Изменить стиль страницы

— А документ, — нетерпеливо перебил Сабин, — ты не обыскал сенатора?

— Нет... Я ведь и не знал толком, что там должно быть. Тем более, если бы меня потом поймали с какой-то вещью сенатора, то с ходу обвинили бы в нападении и прикончили. И так пришлось откупаться от преторского патруля под Боллилами. Еще четыре монеты...

— Получишь в три раза больше, — сказал Сабин. — Молодец, что доехал. Но что теперь делать?
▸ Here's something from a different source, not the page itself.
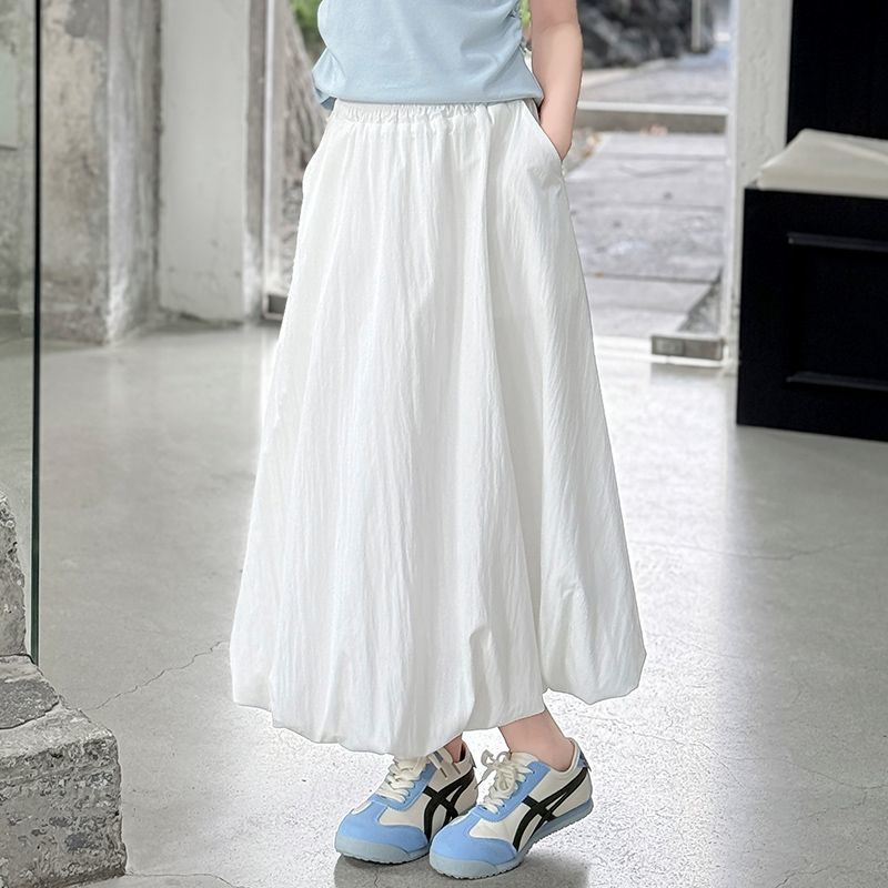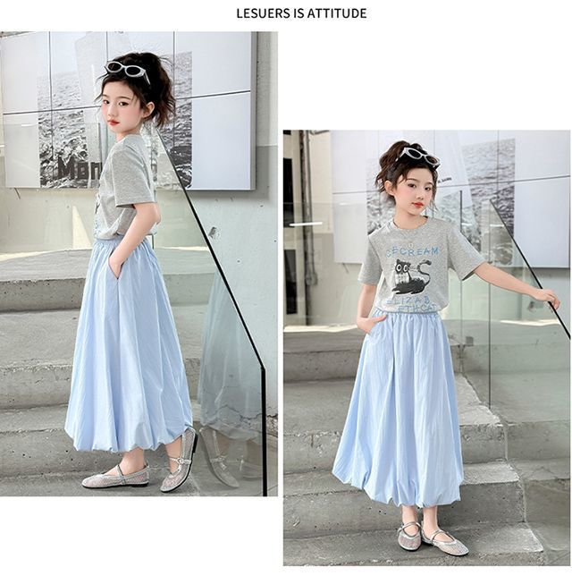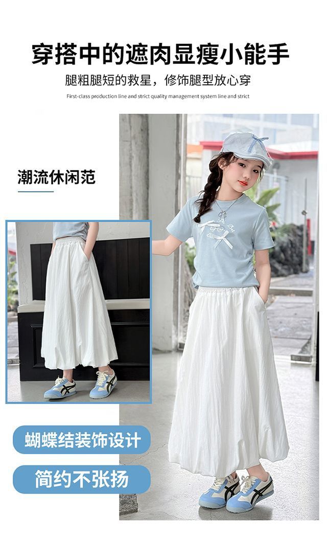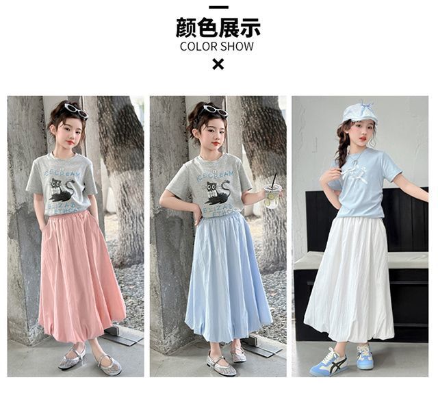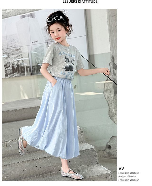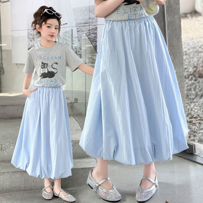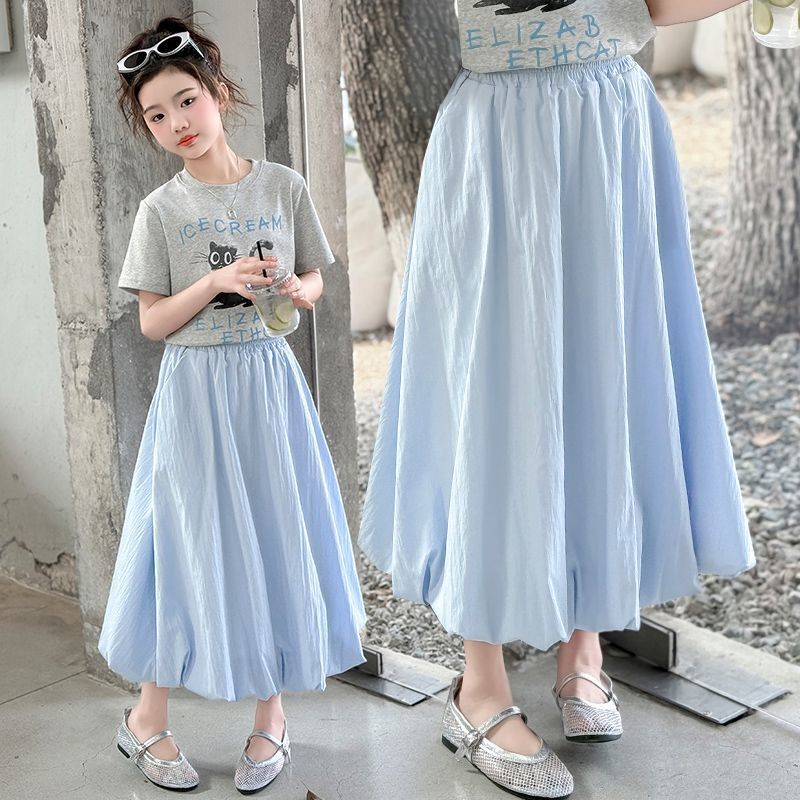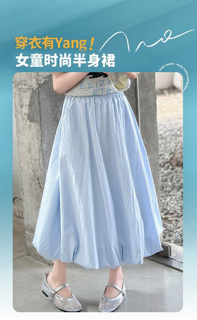 여자 여름 꽃 스커트 어린이 캐주얼 하이 웨이스트 스커트 2025 새로운 중간 길이 스타일 여자 스커트

Он короткими шагами заходил по комнате, с яростью отшвырнув с дороги попавшийся под ноги стул. Его кулаки сжимались и разжимались, губы шептали проклятия, голова напряженно работала. Что же делать?
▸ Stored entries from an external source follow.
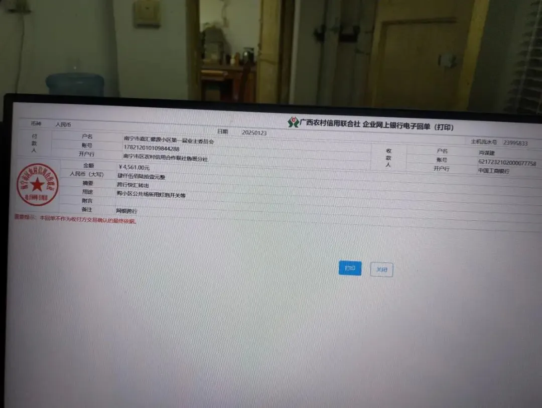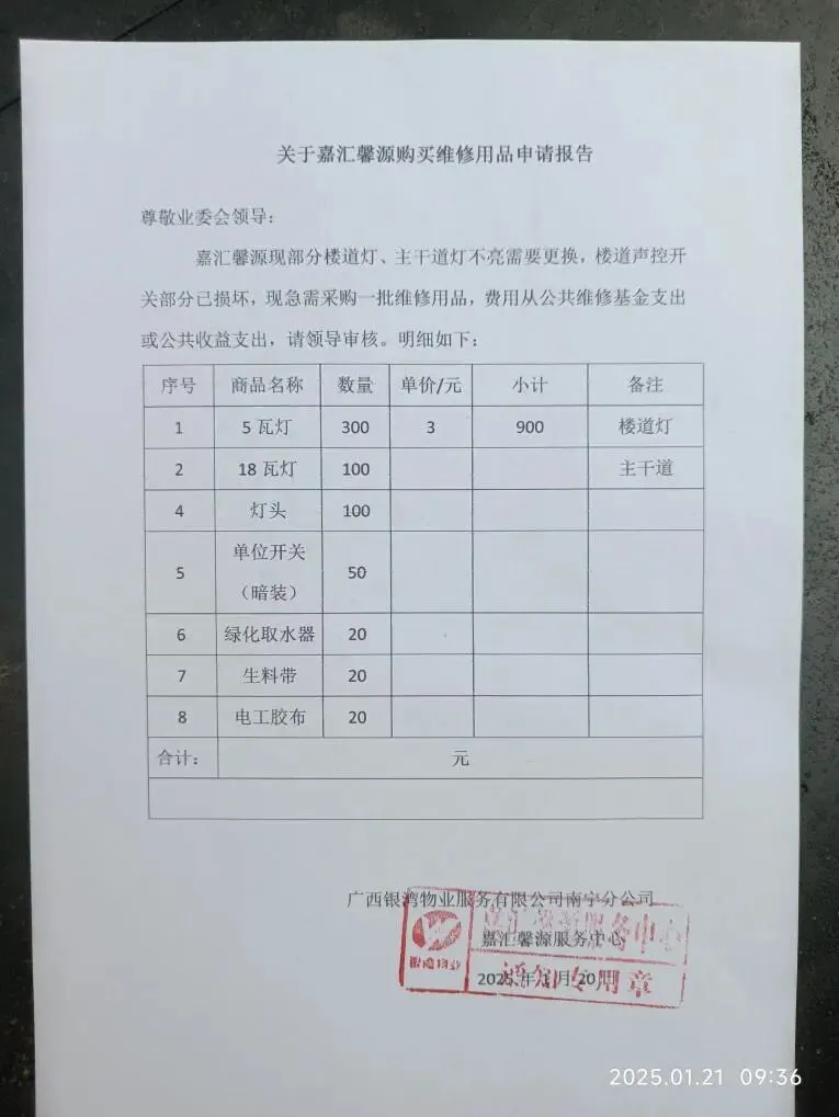 ☆(十一)2025年1月23日,审核物业提交的关于购买灯泡、灯座、开关、取水器等绿化和照明用品申请报告(业委65%、物业35%),公共收益支出¥4561.00元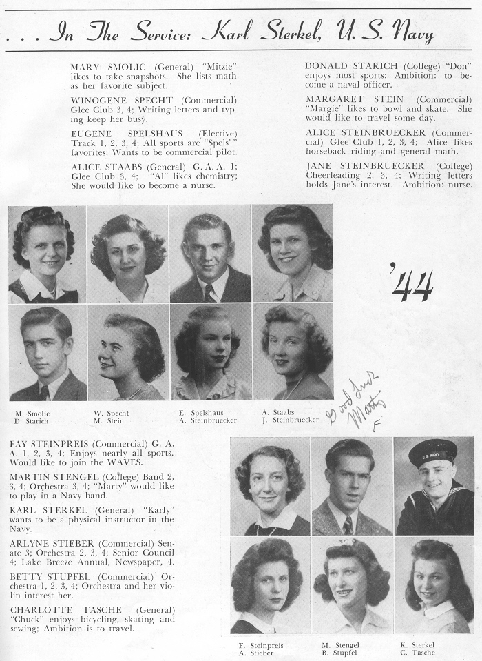 1944 Sheboygan Central High School, Page 49: Mary Smolic, Winogene Specht, Eugene Spelshaus, Alice Staabs, Donald Starich, Margaret Stein, Alice Steinbruecker, Jane Steinbruecker, Fay Steinpreis, Martin Stengel, Karl Sterkel, Arlyne Stieber, Betty Stupfel, Charlotte Tasche.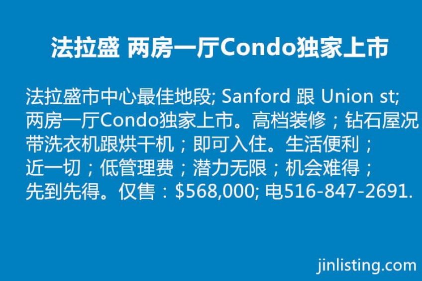 法拉盛市中心最佳地段; Sanford 跟 Union st; 两房一厅Condo独家上市。高档装修;钻石屋况;带洗衣机跟烘干机;即可入住。生活便利;近一切;低管理费;潜力无限;机会难得;先到先得。仅售:$568,000; 电516-847-2691.

Наконец, он остановился и повернулся к Корниксу, который из последних сил боролся со сном, словно сова, хлопая глазами и растирая их грязным кулаком.
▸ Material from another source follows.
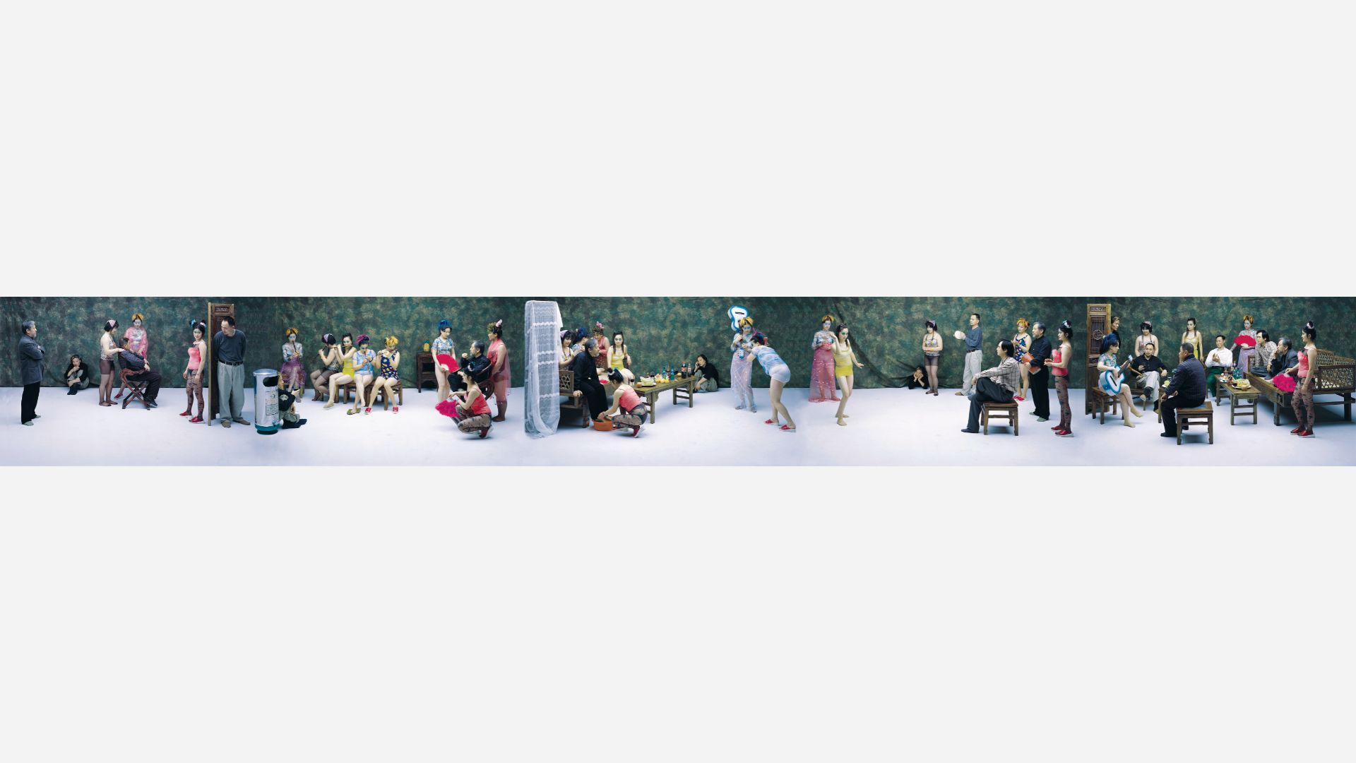 Against a marbled grey backdrop, a group of women clad in kitschy lingerie entertain a gathering of old men. Across five interconnected tableaux we see the women performing massages, playing wind instruments, dancing, strumming a guitar, and fawning over the men. The scene is at once uneasy and banal, unsettling and unremarkable. It is Wang Qingsong’s Night Revels of Lao Li (老栗夜宴图, 2000), a metres-long photographic montage. The work is exemplary of Wang’s renowned large-scale staged photographs, but also of his penchant for historical reference and restaging. The revelry referenced is that of Han Xizai, the 10th century official of the Southern Tang Dynasty. Han grew a reputation as a talented advisor, captivating speaker, and fashionista, wooing his contemporaries with bespoke hats. As he served under successive emperors of the Southern Tang, his standing grew, but so too did the rumours of his overindulgence and his debaucherous parties. The young emperor Li Yu, the “Last Lord Li”, cottoned on to Han’s predilections. Eager to persuade Han to show restraint, Li enlisted the help of court painter Gu Gongzhong, who was instructed to infiltrate one of Han’s lurid parties. There, Gu was to collect evidence of decadence and debauchery, and record it in a painting—what would become the over three-metre-long handscroll, Night Revels of Han Xizai (韩熙载夜宴图), which today is held in the Imperial Palace Collection, Beijing. Among the scenes of partying performers and guests, we see Gu lurking in the background, glum and detached. Roughly one thousand years later, in Night Reels of Lao Li, Wang casts himself as the indifferent Gu, and his friend and esteemed art critic Li Xianting as Han Xizai—the titular “Lao” being a designation used for a respected familiar senior. In Wang’s version, the escorts are clad in gaudy garments, the banquets now consist of cheap crisps, Coca-Cola and cognac, and Wang (as Gu) is seen hiding behind a metal wastebin. Perhaps Wang’s pastiche of Tang Dynasty decadence suggests a contemporary underbelly of overindulgence and exploitation among the hierarchies of today’s bureaucracy. It also wryly reflects the tensions and anxieties of a culture undergoing monumental economic changes—in one image, the antagonisms of a venerated antiquity and commodified modernity emerge.

— Оставайся здесь, — приказал трибун. — Можешь поспать. Без меня никуда не уходи.

Он плеснул в кубок немного вина, залпом выпил, пригладил рукой волосы и выбежал из дома. Недалеко от ворот раб-порученец горестно причитал, протирая смоченной в воде с уксусом губкой спину и бока красивой, гнедой, но до предела измученной лошади, которая еле стояла на ногах.

— Никого ко мне не пускать, — бросил Сабин, торопливо проходя мимо. — Если тот человек что-то попросит — сделаешь.

Раб удрученно кивнул и снова занялся лошадью.

Сабин направился к резиденции Августа — небольшому старинному дому в центре городка. Нолы были Маленьким сонным провинциальным местечком, и у трибуна ушло лишь десять минут, чтобы добраться до нужного здания. У входа в атрий дежурили преторианцы в полном вооружении.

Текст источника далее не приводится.